Social care reform must not hang on the electoral whims of Tory leadership hopefuls

Lucy Taylor

Senior Account Director

During his time in office, Boris Johnson long promised to ‘fix’ the crisis in social care ‘once and for all’. Whether or not his Government introduced the measures needed to begin to resolve the slew of issues facing the sector remains a subject of debate – and likely will do for some time as he leaves office and his successor takes the wheel.

Instability, uncertainty, and policy U-turns caused by political or party turmoil, however, are far from what is needed for the social care sector. It is imperative that the change in Conservative Party leadership – and subsequently, Prime Minister – does not result in the failure to enact the promised long-term sustained improvements.

Clearly, the challenges facing the sector are not going to be resolved with a ‘quick fix’, and yet successive Governments have failed to produce either the funding or long-term oversight which will lead to the sustainable, stable system which people need to be able to live and age well at home and in the community.

Thus far, none of the Conservative leadership hopefuls have yet demonstrated that they will give social care the focus required to deliver the meaningful change needed – in the form of dedicated funding, improved support for professional and unpaid carers, or a workforce plan.

The Government’s plans to fix the workforce crisis, funding gap (amounting to £7.8 billion by the Health Select Committee’s estimates), and pandemic-induced backlogs across the system, were of course pinned on the ‘Health and Social Care Levy’ announced in November 2021 – a UK-wide hike in National Insurance contributions that would raise £12 billion per year ringfenced for health and social care.

Despite national controversy and accusations of an impending cost-of-living crisis, all the MPs currently running in the Conservative Party Leadership contest voted in favour of the Government’s Levy (other than Tom Tugendhat, who was absent or abstained from voting).

It will therefore be disappointing to many in the care sector that there are, at best, rumours circling of leadership hopefuls planning to scrap the National Insurance rise – and at worst, solid pledges from candidates to reverse the Levy. Though now out the running for the top spot, Sajid Javid was the first to commit to scrapping the rise if he had the chance – despite pushing for it to be raised as high as 2% during debate on the proposals last year. Liz Truss, similarly, has pledged for the reversal of the National Insurance rise. What is missing so far, however, is an indication of an alternative plan for the sector should the Levy be abandoned.

The Health and Social Care Levy has by no means been regarded by anyone in the sector as the overnight solution to fixing social care’s problems – not least because in the first three years of the Levy only £5.4bn of the estimated £39bn raised is reserved for social care. Instead, the majority of the money is going to the NHS to tackle the Covid-19 backlog in elective surgery and other systemic challenges. However, the move did signal a step towards recognising the scale of the crisis, taking some action towards trying to reduce the current funding gap, and introducing a funding mechanism and loose promise that care would receive a greater share of the Levy from 2025 onwards.
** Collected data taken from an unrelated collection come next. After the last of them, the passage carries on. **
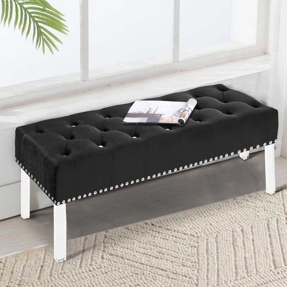 Give your interior a modern makeover by introducing this exquisitely crafted bench from the Bernard collection to your home. Featuring a wide rectangular seat with crystal tufted details. It is crafted from a clear acrylic frame and is upholstered with gorgeous black velvet fabric.
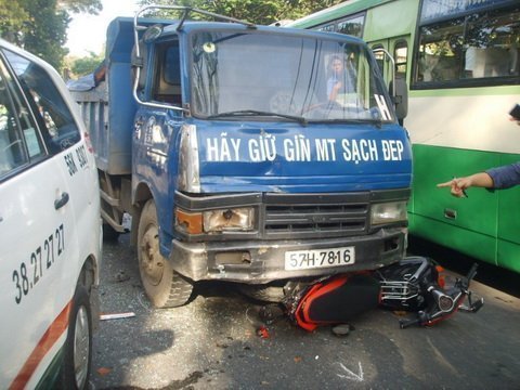 gầm xe tải, một xe gắn máy bị cán nát gần như hoàn toàn. Nhiều mảnh kính, bộ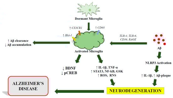 Microglia have been suggested as key participants in AD and cognitive decline may be induced at least in part by the increase of microglia, as demonstrated by overexpression of its specific biomarker IBA-1 []. IBA-1 and the fractalkine receptor CX3CR1, which is not only present in microglial cells and is also a receptor for the neuronal ligand CX3CL1, form an essential pathway for interplay between neurons and microglia []. Although every microglia expresses IBA-1, it would be desirable to employ other biomarkers to identify active cells, such as CD68 []. It would also be easier to grasp the findings if there was a biomarker that measured the quantity of activated microglia as well as overall microglia levels. Upregulation of IBA-1, biomarker for microglia [], is also coupled to an increase of interleukin (IL)-1β, signal transducer and activator of transcription 3 (STAT3), nuclear factor kappa-light chain-enhancer of activated B cells (NF-κB), tumor necrosis factor alpha (TNF-α), and glycogen synthase kinase 3 beta (GSKβ). In addition, a decrease of other molecules, such as brain-derived neurotrophic factor (BDNF) and cAMP response element-binding protein (CREB) in activated cells is observed [,,]. While IL-1β, STAT3, NF-kB, TNF-α, and GSK are linked to the activation of several pro-inflammatory pathways that would impair cognition and memory, CREB and cAMP play a critical role in cognitive performance and memory preservation [,,] (Figure 2). Accordingly, the deletion of NLRP3, the master regulator of IL-1β, significantly improves cognitive impairment in AD mouse models, in addition to lowering Aβ-induced microglial activation in vitro, Aβ-deposition, or Tau pathology. Therefore, an adequate cellular homeostasis appears to depend on fine-tuning of NLRP3 inflammasome, that was shown to be abnormally activated in AD [,,,,,].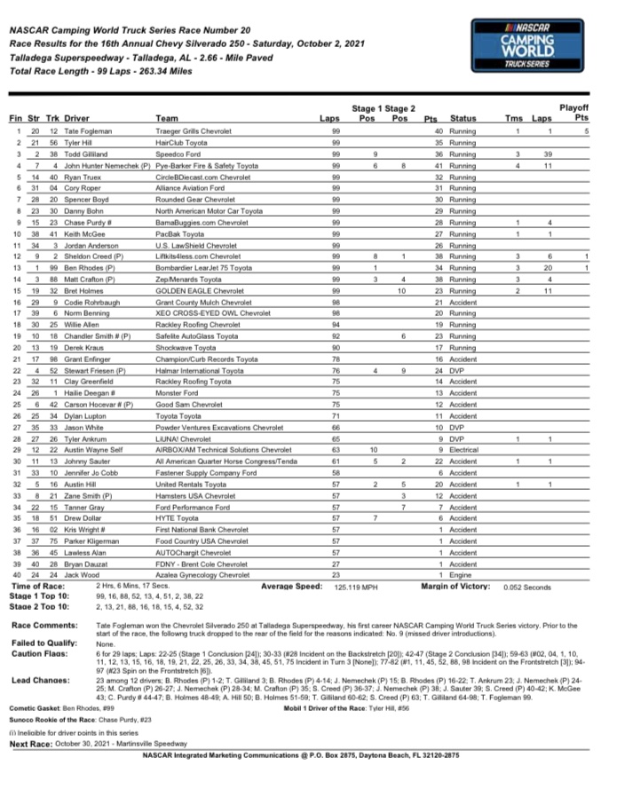For Fogleman, he becomes the fourth straight driver to lead only the final lap of the Truck race at Talladega. The last three were their first career wins.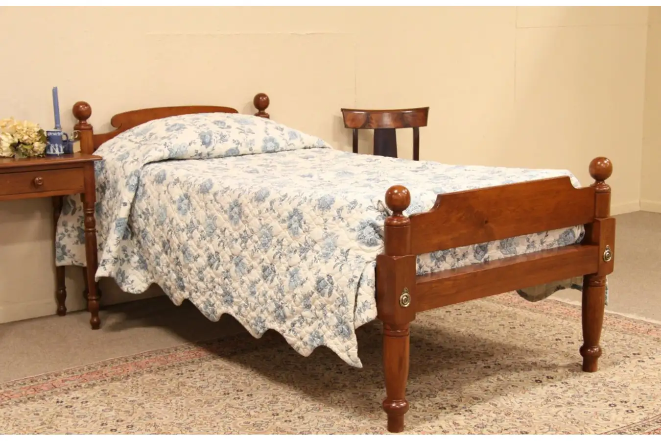 A charming country bed was hand crafted of pine, cherry and maple about 1840. The "cannonball" posts and shaped headboard are graceful.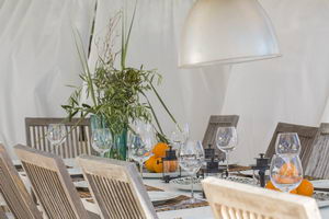 Das Haus bietet einen großzügigen Wohn- und Essbereich für 14 Personen, 6 Doppelzimmer mit 5 Badezimmern, wobei 4 von ihnen über einen eigenen Eingang und eine Terrasse verfügen.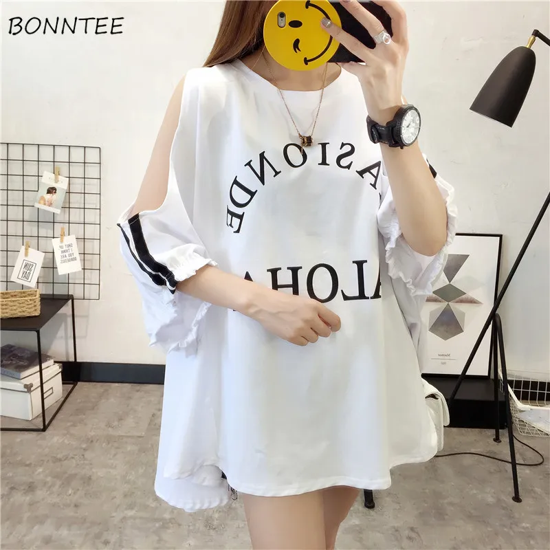 Футболки Для женщин короткие с рукавами «летучая мышь» футболка Женская Элегантный шик Для женщин s свободные студентов Мода с открытыми плечами Письмо печати Мягкие футболки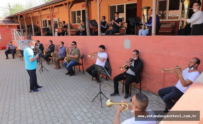Edirne Belediye Başkanı Recep Gürkan’da program için prova yapan Edirne Belediye Bandosu ekiplerini ziyaret etti. Bando ekipleriyle sohbet eden Başkan Gürkan, “Öncelikle sağlığınız. Kendi sağlığınız. Buna dikkat ederek, sosyal mesafeyi koruyarak, 23 Nisan Akşamı Saat:19.20’de konsere başlayacağız. Neden 19.20 çünkü 23 Nisan 1920 tarihinde açıldı, TBMM. Turizm otobüs alacak sizleri. Hijyen kurallarına dikkat ederek, Saat:20.30’a kadar, kentte dolaşacağız. 21.00’e doğru belediyeye geleceğiz. Orada anons sistemini kuracağız. Saat:21.00’de balkonlarına bütün Edirneliler ile birlikte İstiklal Marşımızı söyleyeceğiz. Sizde görüyorsunuz, bazı belediyeler zaman zaman bandoyu çıkarıyor. Ben bunu yapmadım. Çünkü çoğu nefesli sazlar, yayılma ihtimali daha yüksek. Ama otobüs yüksek ve hareket halinde olacağı için sizi de riske sokmamış olacağız” dedi.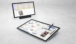 通常のディスプレイとしての使用のほか、手書き入力時に便利な「ペンライティングスタイル」や、平置きの「ホリゾンタルスタイル」などで使用が可能。紙に書くように画面に手を付いた状態でもペン入力ができる「パームキャンセル機能」や、ディスプレイを回転させることなくワンタッチで画面表示を反転できるローテート機能なども備えている。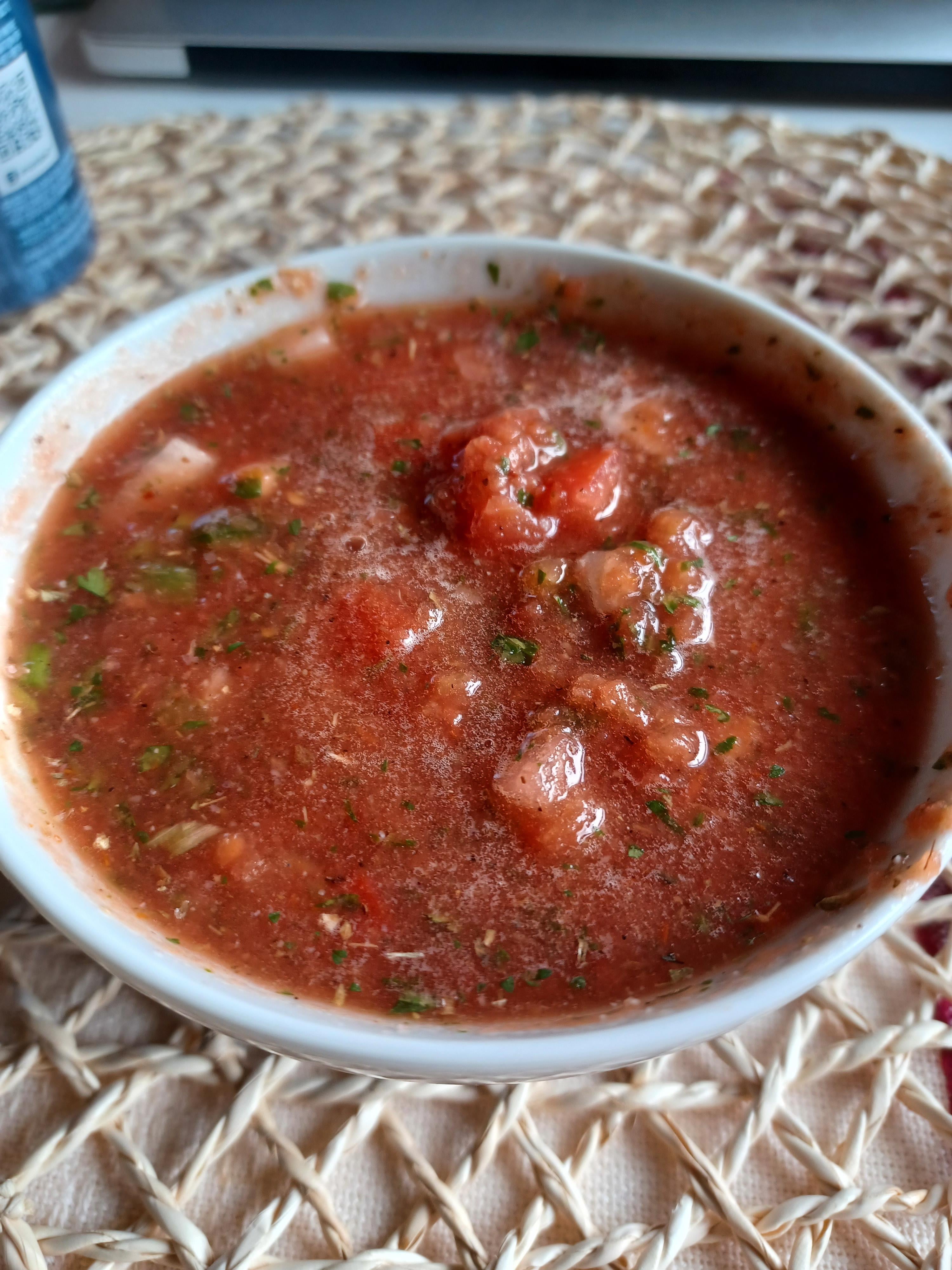 This is very easy and quick to make. The counterintuitive key here is that the majority of the salsa is actually just pureed canned tomatoes or tomato sauce. If you cut up too many veggies it makes the sauce too thick and it's not like restaurant salsa.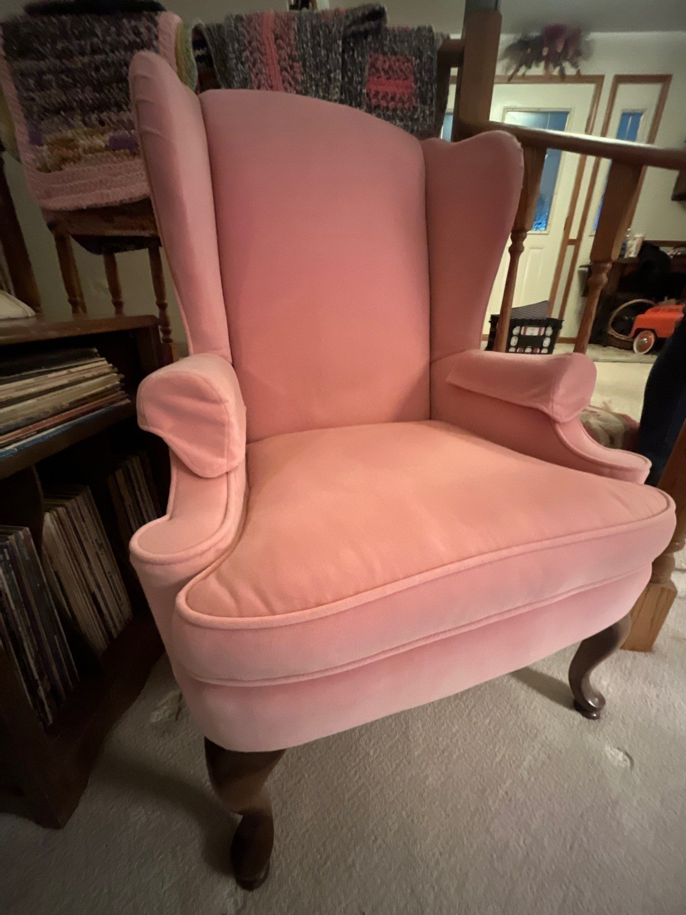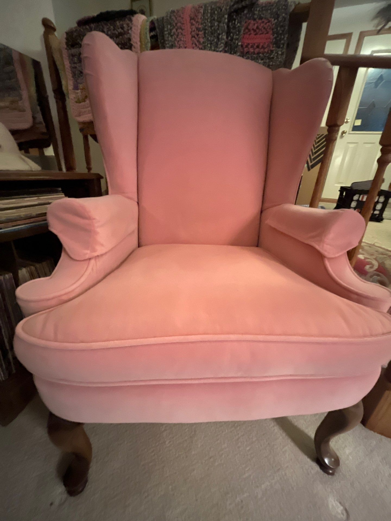 Pink velvet high back chair with wood legs in amazing condition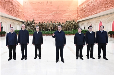 10月27日,中共中央总书记、国家主席、中央军委主席习近平带领中共中央政治局常委李强、赵乐际、王沪宁、蔡奇、丁薛祥、李希,瞻仰延安革命纪念地。这是习近平在延安革命纪念馆参观《伟大历程——中共中央在延安十三年历史陈列》结束时发表重要讲话。新华社发

Whilst the Conservative Leadership contest is only a week old, tax cuts have been at the heart of all the potential leaders’ policy announcements and the subject of great media and public interest. The cost of living crisis is of paramount importance to voters, and discussions about how best to strengthen the economy and support people through this challenging period are critical. However, that should not come at the expense of reforming the social care system to make sure that it works for people now and in the future.

There will be many who are unsurprised that meaningful change to the care system can so easily hang in the balance for those aiming to be in the top political job – not least because the sector remembers what happened to the Dilnot reforms proposed in 2011. The result of the Dilnot Report, which was commissioned by then Prime Minister David Cameron, was the 2014 Care Act which included a proposed cap on personal contributions to an individual’s care costs – only for this element of the Act to be long-side-lined and ultimately never implemented.

As is so often the case, and with the latest reform programme having already been delayed, social care is once again not being treated as a priority – this time by the people who are bidding to be in the top leadership position in the country. It would be a failure of responsibility if the Government’s previously flagship policy, and the long-overdue commitment to longer-term thinking and action on social care, were to suffer at the hands of an electoral race involving just 200,000 Conservative Party members. Those needing care now, and in the future, as well as the 1.5 million people working in social care, deserve better, and deserve certainty around the delivery of a long-overdue reform programme.